-- EXERCISE MATERIALS follows --

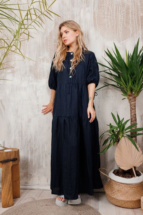Шикарное льняное платье  "АМУЛЕТ"в  свободном облегании. По переду застежка на пуговки из натуральной ракушки и завязки у горловины, в швах имеются удобные карманы, по юбке два ряда валанов, рукава  на сборочке с завязками. Наши платья дают невероятное чувство комфорта, защищенности и красоты.  Все изделия коллекции "АМУЛЕТ" имеют натуральную ткань, сложную обработку всех внутренних швов и  энергосберегающий крой. В подарок идет шопер с логотипом бренда.
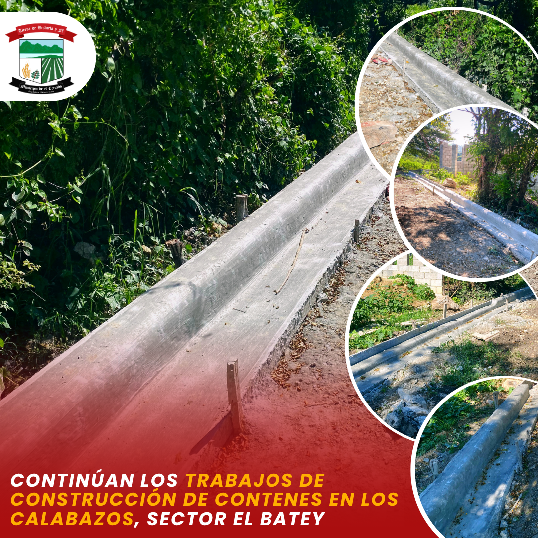 Continúan los trabajos de construcción de contenes en la sección Los Calabazos, perteneciente al sector El Batey. Esta intervención busca preparar las calles para futuras obras de asfaltado, mejorar el drenaje pluvial y contribuir al ordenamiento urbano de la zona. Los trabajos están siendo ejecutados por brigadas locales bajo la supervisión del cabildo municipal.
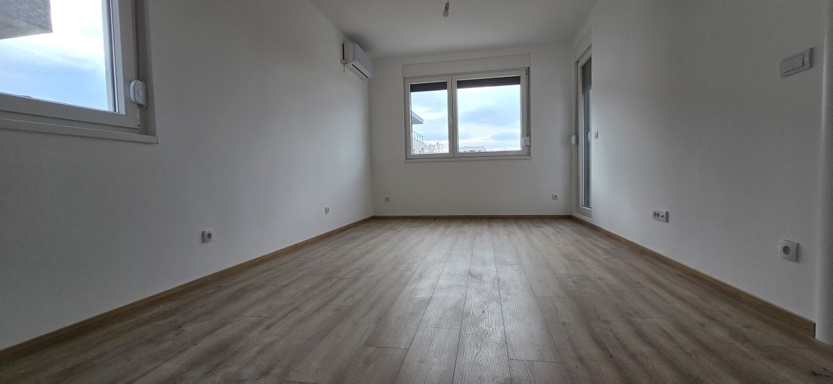 Stan se odlikuje funkcionalnim rasporedom i obiljem prirodne svetlosti. Dnevni boravak je prostran i povezan sa kuhinjskim delom, koji je spreman za ugradnju po sopstvenim željama. Veliki prozori pružaju lep pogled i dodatno osvetljavaju prostor, stvarajući prijatnu atmosferu za boravak.
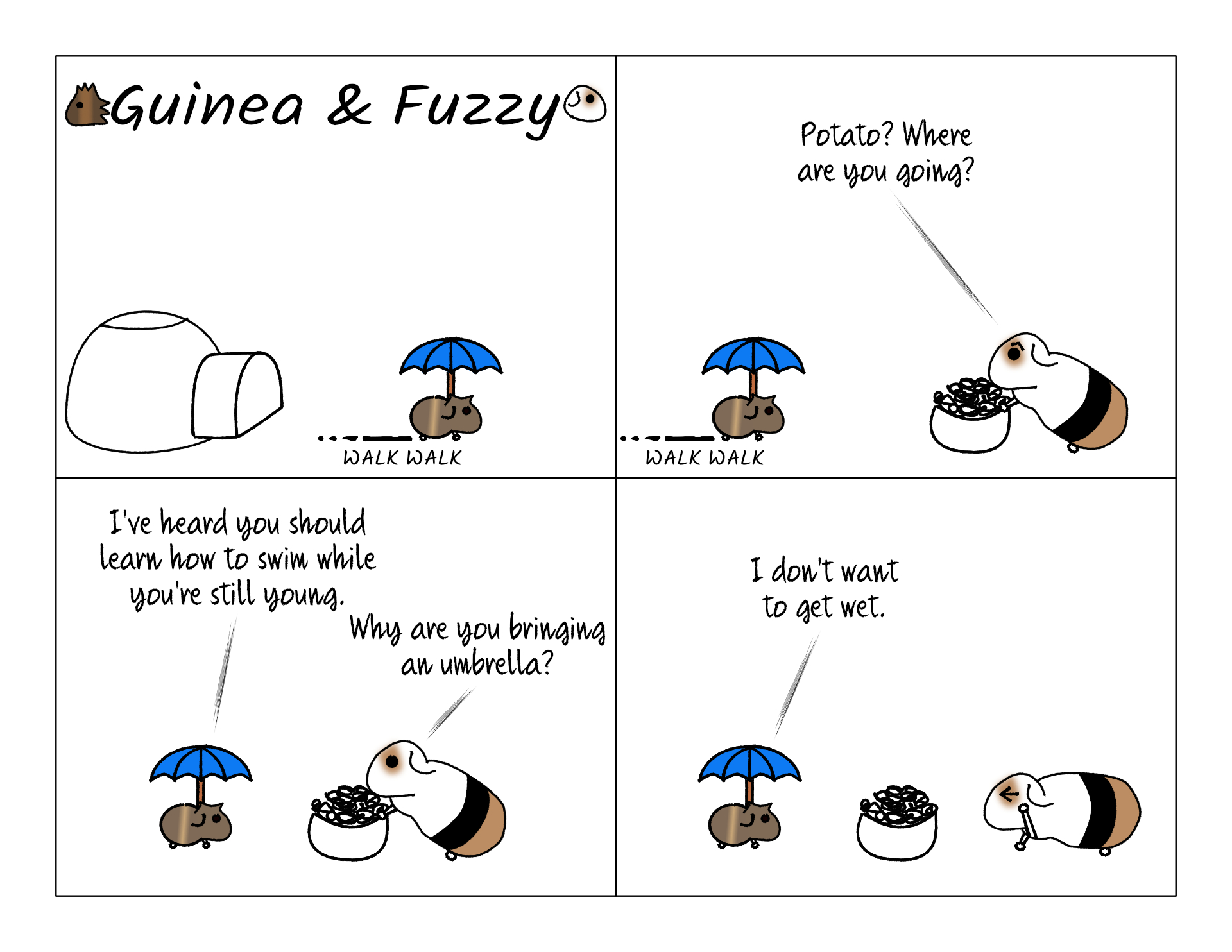 This is very ambitious of Potato, but actually guinea pigs hate swimming. They can kind of do it. But because their mouth and nose are below their center of buoyancy, it's very difficult for them to stay afloat and breath at the same time. I doubt Potato would ever volunteer to learn to swim. He sure didn't like it when he used to have to take weekly baths.
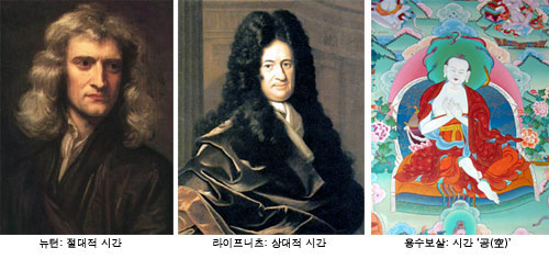 라이프니츠는 철학적 관점에서, 용수보살은 부처님의 가르침에 바탕하여 시간의 절대성을 부정하였다. 그러나 우리의 경험은 시간이 혼자서 흘러감을 확실히 보여준다. 더욱이 뉴턴의 이론은 천체현상과 지상의 모든 현상에서 너무나 정밀하게 시간의 절대성을 증명해 주는 것 같았다. 단 한 건도 어긋남이 없었고 추호도 의심할 여지가 없이 이른바 과학적으로 증명이 끝난 일이었다. 때문에 라이프니츠의 상대성 철학은 오랫동안 받아들여지지 않았으며, 용수보살의 공사상은 한갓 관념적 유희에 불과한 듯하였다. 용수보살님은 석가모니 이후 가장 크게 깨친 분이라는데 “결국 깨달았다는 것도 혼자 허깨비 보는 것 아닌가?” 하고 은근히 속으로 의혹을 해볼 수도 있었겠다.
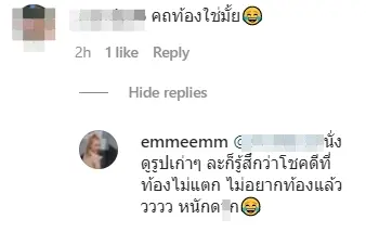 หลังจากนั้นไม่นาน ก็ได้มีแฟนคลับท่านหนึ่งเข้ามาคอมเมนต์ในโพสต์ดังกล่าวของเธอว่า คิดถึงท้องใช่ไหม? เอ็ม ตอบกลับคอมเมนต์ดังกล่าวอย่างทันทีว่า นั่งดูรูปเก่าๆ ละก็รู้สึกว่าโชคดีที่ท้องไม่แตก ไม่อยากท้องแล้ววววว หนักด*ก
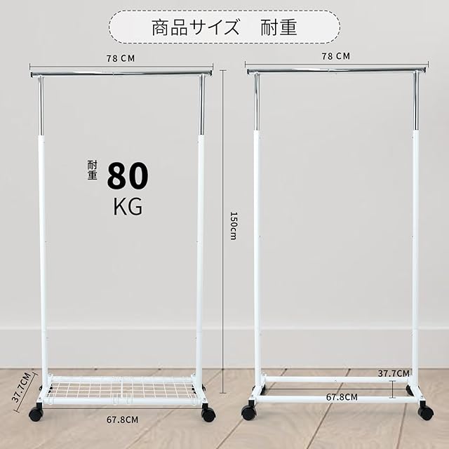 [サイズ・耐荷重] サイズ:幅 78CM×奥行 37CM×高さ150cm。耐荷重:80KG;色:白

-- EXERCISE MATERIALS concluded --

(THE PROBLEM): Leaving images out, please output every line of the data exactly.

(SOLUTION):
Шикарное льняное платье  "АМУЛЕТ"в  свободном облегании. По переду застежка на пуговки из натуральной ракушки и завязки у горловины, в швах имеются удобные карманы, по юбке два ряда валанов, рукава  на сборочке с завязками. Наши платья дают невероятное чувство комфорта, защищенности и красоты.  Все изделия коллекции "АМУЛЕТ" имеют натуральную ткань, сложную обработку всех внутренних швов и  энергосберегающий крой. В подарок идет шопер с логотипом бренда.
 Continúan los trabajos de construcción de contenes en la sección Los Calabazos, perteneciente al sector El Batey. Esta intervención busca preparar las calles para futuras obras de asfaltado, mejorar el drenaje pluvial y contribuir al ordenamiento urbano de la zona. Los trabajos están siendo ejecutados por brigadas locales bajo la supervisión del cabildo municipal.
 Stan se odlikuje funkcionalnim rasporedom i obiljem prirodne svetlosti. Dnevni boravak je prostran i povezan sa kuhinjskim delom, koji je spreman za ugradnju po sopstvenim željama. Veliki prozori pružaju lep pogled i dodatno osvetljavaju prostor, stvarajući prijatnu atmosferu za boravak.
 This is very ambitious of Potato, but actually guinea pigs hate swimming. They can kind of do it. But because their mouth and nose are below their center of buoyancy, it's very difficult for them to stay afloat and breath at the same time. I doubt Potato would ever volunteer to learn to swim. He sure didn't like it when he used to have to take weekly baths.
 라이프니츠는 철학적 관점에서, 용수보살은 부처님의 가르침에 바탕하여 시간의 절대성을 부정하였다. 그러나 우리의 경험은 시간이 혼자서 흘러감을 확실히 보여준다. 더욱이 뉴턴의 이론은 천체현상과 지상의 모든 현상에서 너무나 정밀하게 시간의 절대성을 증명해 주는 것 같았다. 단 한 건도 어긋남이 없었고 추호도 의심할 여지가 없이 이른바 과학적으로 증명이 끝난 일이었다. 때문에 라이프니츠의 상대성 철학은 오랫동안 받아들여지지 않았으며, 용수보살의 공사상은 한갓 관념적 유희에 불과한 듯하였다. 용수보살님은 석가모니 이후 가장 크게 깨친 분이라는데 “결국 깨달았다는 것도 혼자 허깨비 보는 것 아닌가?” 하고 은근히 속으로 의혹을 해볼 수도 있었겠다.
 หลังจากนั้นไม่นาน ก็ได้มีแฟนคลับท่านหนึ่งเข้ามาคอมเมนต์ในโพสต์ดังกล่าวของเธอว่า คิดถึงท้องใช่ไหม? เอ็ม ตอบกลับคอมเมนต์ดังกล่าวอย่างทันทีว่า นั่งดูรูปเก่าๆ ละก็รู้สึกว่าโชคดีที่ท้องไม่แตก ไม่อยากท้องแล้ววววว หนักด*ก
 [サイズ・耐荷重] サイズ:幅 78CM×奥行 37CM×高さ150cm。耐荷重:80KG;色:白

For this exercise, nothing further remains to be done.